Copy out each line of the material that includes the word "with".

_RECORDS SHOWN_:
# # # # # # #

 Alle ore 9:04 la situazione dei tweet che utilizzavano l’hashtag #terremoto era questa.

# # # # # # #

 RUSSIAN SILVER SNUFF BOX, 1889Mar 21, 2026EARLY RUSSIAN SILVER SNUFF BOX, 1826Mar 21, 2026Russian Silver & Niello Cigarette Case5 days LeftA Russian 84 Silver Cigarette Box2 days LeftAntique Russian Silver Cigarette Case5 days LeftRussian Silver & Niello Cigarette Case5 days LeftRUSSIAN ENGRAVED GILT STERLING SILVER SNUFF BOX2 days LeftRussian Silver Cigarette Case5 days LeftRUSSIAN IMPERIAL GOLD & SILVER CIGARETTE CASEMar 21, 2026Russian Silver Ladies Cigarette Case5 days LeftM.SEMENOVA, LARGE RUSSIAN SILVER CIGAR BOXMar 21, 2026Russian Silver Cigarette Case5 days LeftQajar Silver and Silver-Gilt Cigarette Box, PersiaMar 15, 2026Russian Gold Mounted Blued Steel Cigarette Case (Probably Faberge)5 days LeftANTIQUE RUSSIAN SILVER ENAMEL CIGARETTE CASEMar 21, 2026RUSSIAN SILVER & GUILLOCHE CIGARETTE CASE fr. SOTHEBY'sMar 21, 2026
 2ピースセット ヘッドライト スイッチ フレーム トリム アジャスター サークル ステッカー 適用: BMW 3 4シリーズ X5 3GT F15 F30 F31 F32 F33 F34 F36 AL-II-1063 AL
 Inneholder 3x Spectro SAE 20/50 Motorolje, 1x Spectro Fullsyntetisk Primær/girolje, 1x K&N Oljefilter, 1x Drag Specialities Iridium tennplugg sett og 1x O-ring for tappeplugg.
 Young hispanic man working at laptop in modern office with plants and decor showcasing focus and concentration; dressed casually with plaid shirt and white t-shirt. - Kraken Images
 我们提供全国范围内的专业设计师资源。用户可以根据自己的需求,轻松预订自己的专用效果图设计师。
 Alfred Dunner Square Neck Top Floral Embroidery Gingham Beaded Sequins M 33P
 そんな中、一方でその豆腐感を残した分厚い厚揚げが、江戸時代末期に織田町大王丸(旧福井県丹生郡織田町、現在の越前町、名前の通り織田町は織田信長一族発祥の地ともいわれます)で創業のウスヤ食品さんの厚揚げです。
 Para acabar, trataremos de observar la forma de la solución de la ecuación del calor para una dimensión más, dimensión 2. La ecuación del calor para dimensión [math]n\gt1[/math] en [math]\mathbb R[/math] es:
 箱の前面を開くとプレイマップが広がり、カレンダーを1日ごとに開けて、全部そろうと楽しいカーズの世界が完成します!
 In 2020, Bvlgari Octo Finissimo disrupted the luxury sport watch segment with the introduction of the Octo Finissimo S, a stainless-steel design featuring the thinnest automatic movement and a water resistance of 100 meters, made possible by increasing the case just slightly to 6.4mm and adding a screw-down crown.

# # # # # # #

_ANSWER SECTION_:
 Young hispanic man working at laptop in modern office with plants and decor showcasing focus and concentration; dressed casually with plaid shirt and white t-shirt. - Kraken Images
 In 2020, Bvlgari Octo Finissimo disrupted the luxury sport watch segment with the introduction of the Octo Finissimo S, a stainless-steel design featuring the thinnest automatic movement and a water resistance of 100 meters, made possible by increasing the case just slightly to 6.4mm and adding a screw-down crown.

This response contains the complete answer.